Uses a per-customer API key (UUID). Currently, each company is issued a single API key at creation. Future Improvements:
  • Enhance API key management with issuance, revocation, refresh, rate limiting, and fine-grained permissions.

⚙️ Environment Variables

Configuration is loaded and validated using Deepkit. The following environment variables are expected:
VariableDescriptionRequired
PORTPort the application listens on.❌ (default: 3001)

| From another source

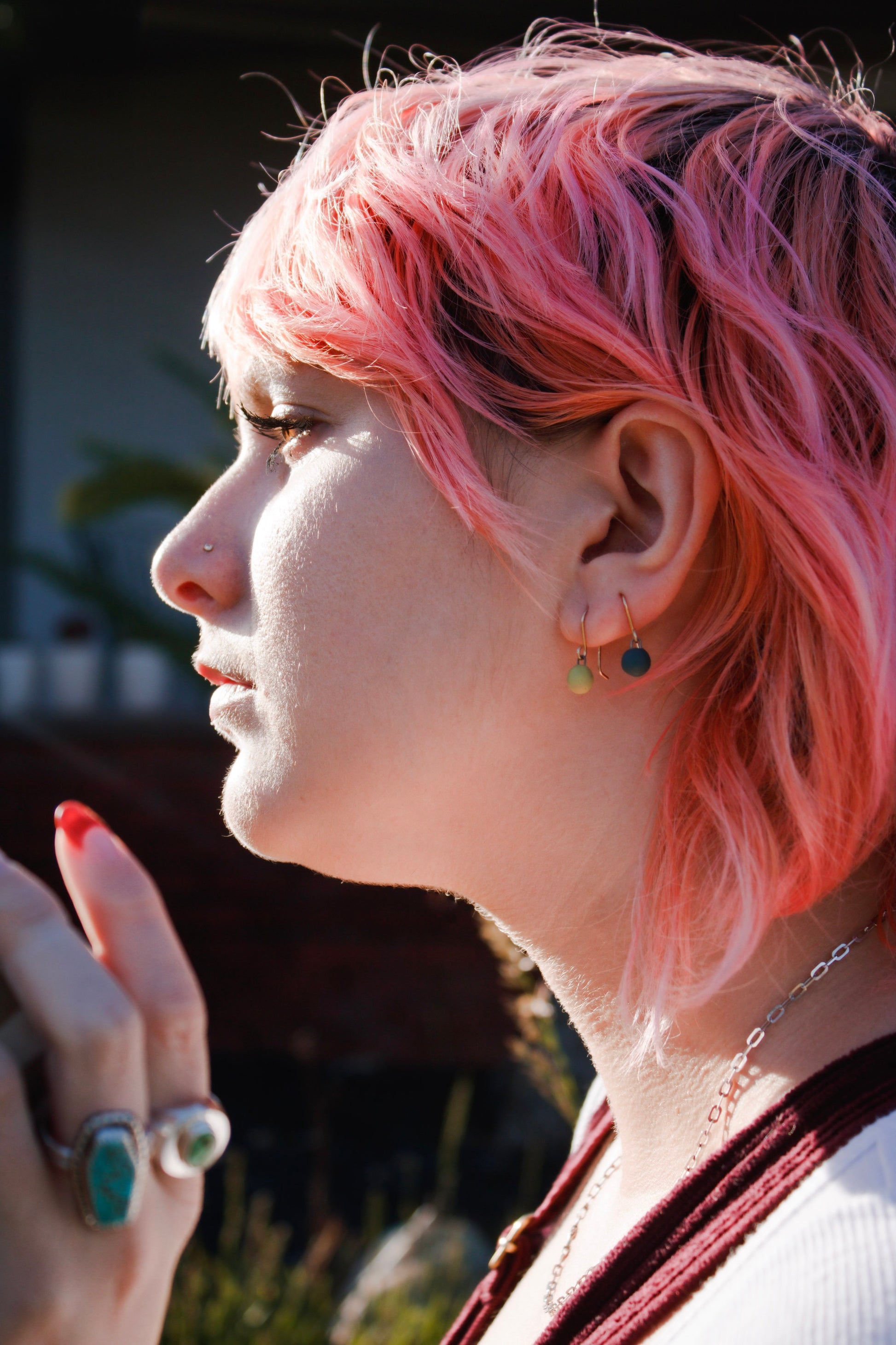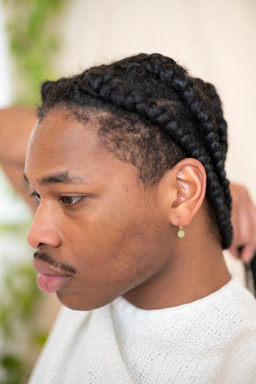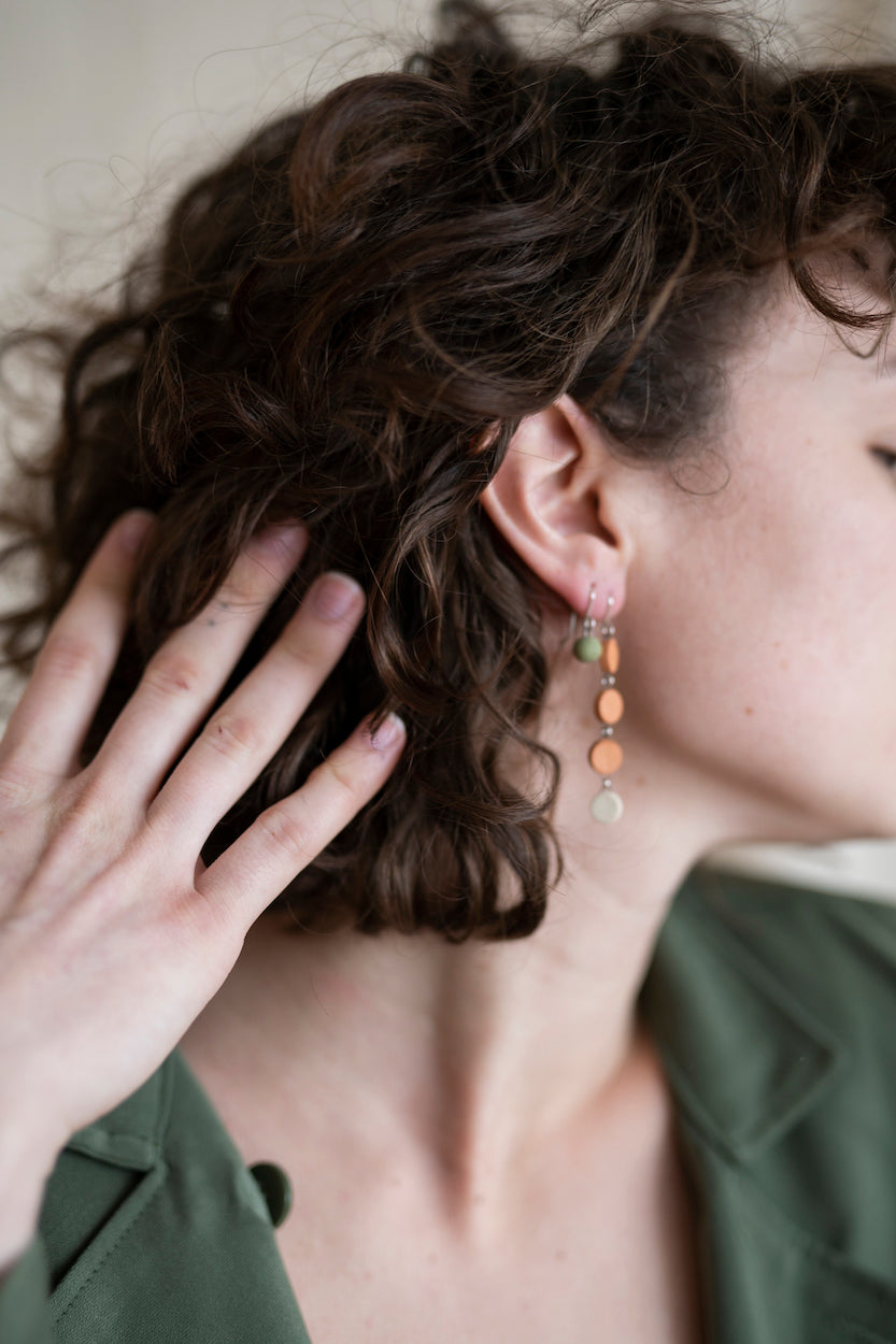 - Earrings come in a reusable organic cotton pouch.

JWT_AUDIENCEExpected audience claim (aud) in incoming JWTs. Used to validate token authenticity.
JWT_ISSUERExpected issuer claim (iss) in incoming JWTs. Must match the identity provider.
JWT_JWKS_URIURI to fetch JSON Web Key Set (JWKS) for verifying JWT signatures.
DATAASE_URL Connection string to the target database.
Environment variables for local development can be found in 1Password.
These should be defined in the project’s .env file.